Steven Banks, The Legal Aid Society, New York (Jonathan Garelick of counsel), for appellant. Robert T. Johnson, District Attorney, Bronx (Kayonia L. Whetstone of counsel), for respondent.
MAZZARELLI, J.P., SWEENY, ANDRIAS, MANZANET–DANIELS, KAPNICK, JJ.
Judgment, Supreme Court, Bronx County (Harold Adler, J.), rendered September 12, 2011, convicting defendant, upon his plea of guilty, of operating a motor vehicle while under the influence of alcohol, and sentencing him to three years' probation and a $1,000 fine, unanimously affirmed.

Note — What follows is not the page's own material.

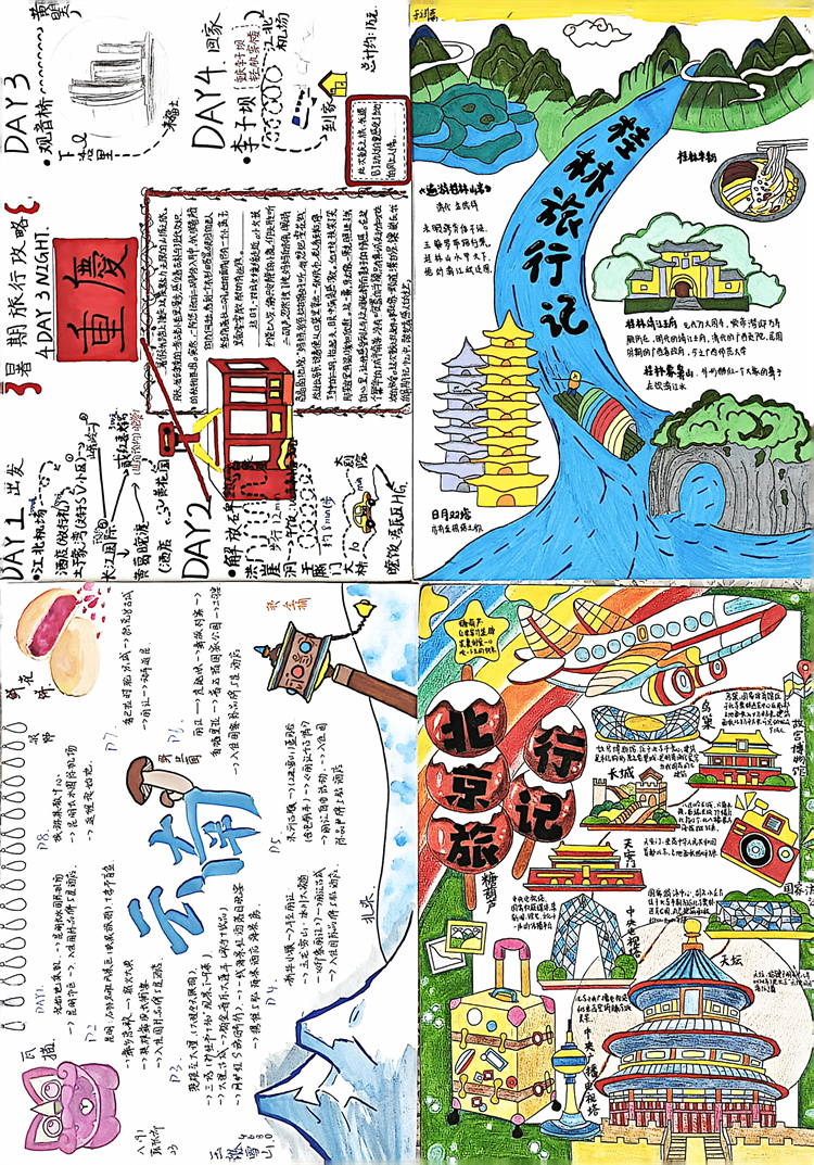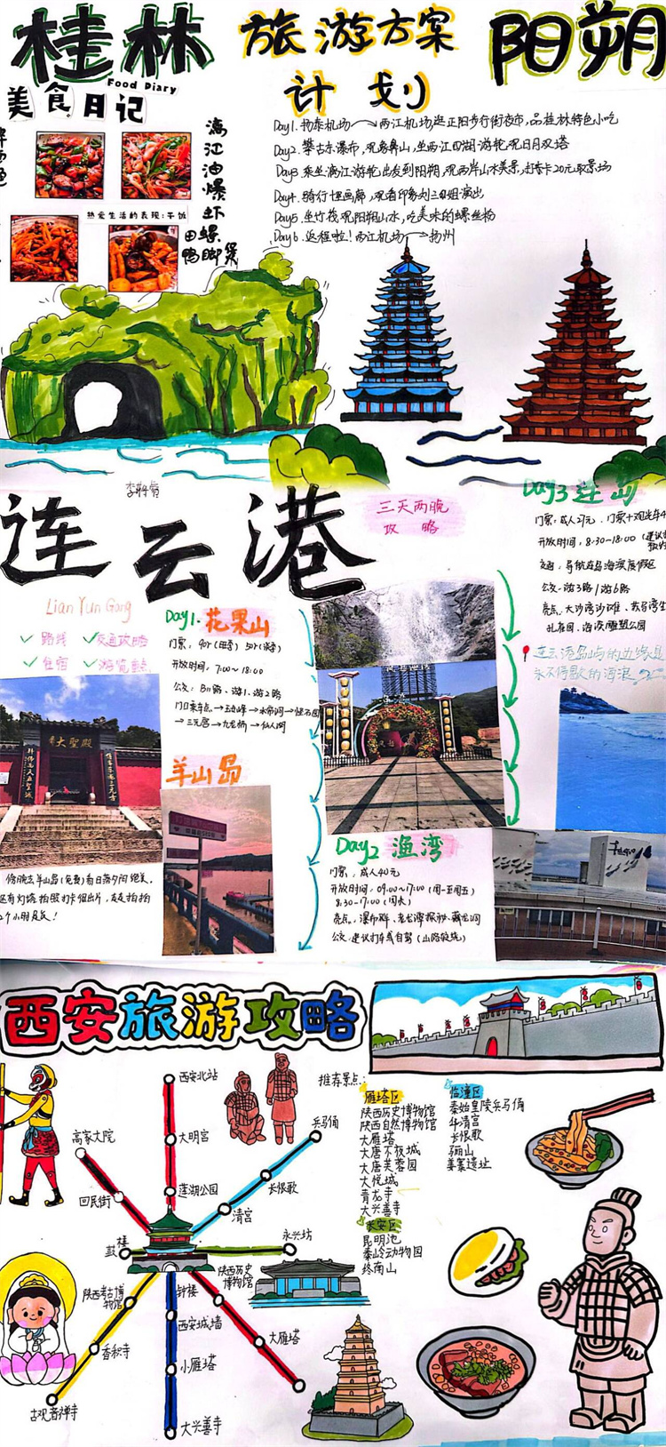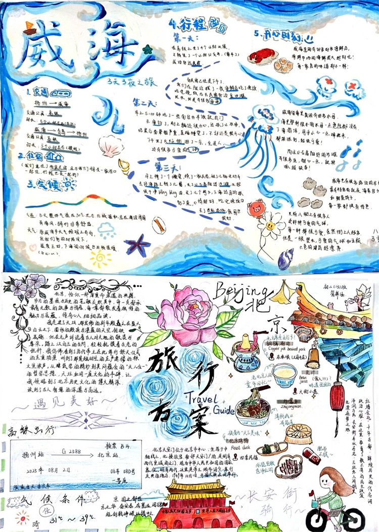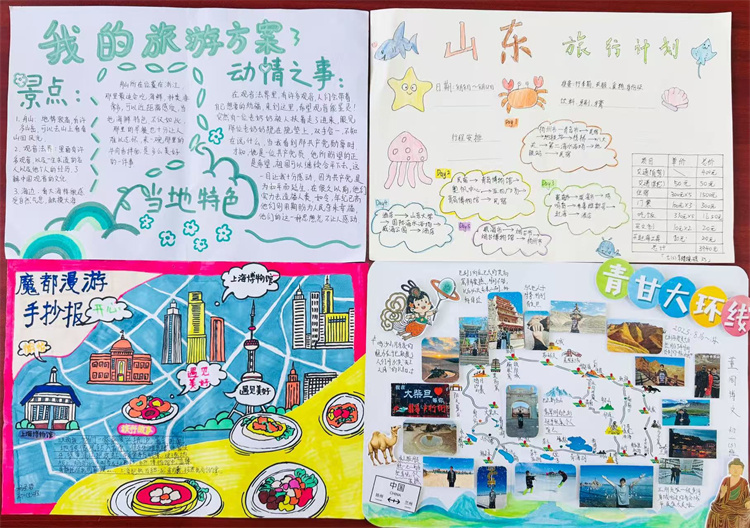 在“暑假旅行方案设计”环节,同学们融合语文、历史、地理等多学科知识,呈现出一份份充满创意的旅行计划。有的同学设计“重走唐诗之路”文化之旅,沿诗人足迹绘制文学地图;有的打造“舌尖上的故乡”美食探索路线,以文字和影像记录地方民俗。大家纷纷表示,这次设计让自己深刻体会到——旅行不仅是欣赏风景,更是一场文化的深度体验。

The accusatory instrument was not jurisdictionally defective. Giving the misdemeanor information “a fair and not overly restrictive or technical reading” ( People v. Casey, 95 N.Y.2d 354, 360, 717 N.Y.S.2d 88, 740 N.E.2d 233 [2000] ), we find “as a matter of common sense and reasonable pleading” ( People v. Davis, 13 N.Y.3d 17, 31, 884 N.Y.S.2d 665, 912 N.E.2d 1044 [2009] ) that it was legally sufficient to charge defendant with violating Vehicle and Traffic Law § 1192(3). The arresting officer alleged that defendant operated a motor vehicle, that he had bloodshot, watery eyes, slurred speech, and a strong odor of alcohol on his breath, that he was unsteady on his feet, and that he admitted to the officer that he had been drinking, but refused to submit to a breath test ( see e.g. People v. Spencer, 289 A.D.2d 877, 879, 736 N.Y.S.2d 428 [3rd Dept. 2001], lv. denied98 N.Y.2d 655, 745 N.Y.S.2d 514, 772 N.E.2d 617 [2002] ). There was no requirement that the information also contain an allegation of erratic driving.